I don't know if there are any other Dom/mes in this or similar situations, who have felt that They need some kind of attention from Their subs (once any serious issues with the sub have been cleared up, that is) in the form of reassurance, reciprocal pleasure, etc. After all, Domming is a lot of work, IMHO.

Thoughts?

I think that in every relationship both partners have needs. In only serving your partners needs, you are doing neither of you any favors. Note I said 'serving'.

I would work on coming to terms with what exactly it is that YOU need, and incorporate that into your scenes. It sounded to me like your sex life is spent satisfying your sub. That's fine, really, but what is being done for you? The phrase "Taken for Granted" just came to mind...

Lisais mine
06-06-2010, 12:06 AM
I think that aftercare can take many forms, I like to have my sub do the clean-up, in my presence, hearing what a good girl she is, taking care of my need to remain focused. It helps her retain her submissive orientation.

Don't think me cold, she then gets to sit at my feet, gets petted, lots of attention, but it's received within her submission, and is far more restorative in her case. For me as well. I too have expended energy, both physical and psychic. I too am dealing with hormones and body chemistry flooding my veins. Her attentions restore me as well.

I learned that without that feedback, I am vaguely disatified after a scene. Nothing I can put my finger on, just a general letdown. But aftercare that is totally focused on the submissive/bottom takes me out of my role... and then we both feel "off".

So we see aftercare as something that requires a fine balance between the submissive's needs and the dominant's needs.

oz, i totally used the idea of having my girl claen up before we went off to cuddle, and i think it worked very well for helping her maintain herself after the scene. thank you, brother

fetishdj
06-06-2010, 02:23 PM
There is still a need for aftercare in online, though the need may be less physical and pressing.
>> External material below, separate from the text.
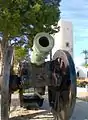 - Cañón, frente a la torre.
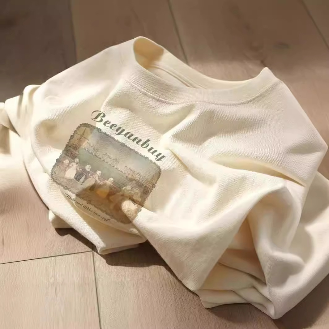 纯棉短袖t恤女夏季新款设计感小众港风chic复古宽松半袖上衣

Reassurance and comfort can be verbal/typed as much as communicated physically.

flying66
06-08-2010, 02:30 PM
usually I prefer if we sit on the floor so I can curl up into a puddle in his lap... he'll hold me and stroke my hair and tell me what a 'good girl' I've been and how I 'work so hard to please her Master' and uh... yup.

13'sbadkitty
06-08-2010, 05:41 PM
Oz, He has me clean up as well (if i can't walk then when i can) and i never thought of it as anything other than He told me a very long time ago its my job to do so...never questioned He may have a reason for it...thanks for that.

i don't find my needs for aftercare are consistent anymore with exception to cleaning up and a snack anyways. i do think W/we always cuddle but W/we do most nights anyway. i know though if there was a problem, like i got overwhelmed or made a mistake that upset Him than i definitely need to be reassured. it was a lot of reassuring me for a long time before i felt good enough for Him to begin with and that has seemed to dissipate for the most part thank god. i have found though what i call "post play vulnerability" can last for a day or 2 if the session was particularly rough or W/we did something that i didn't know what He was looking for.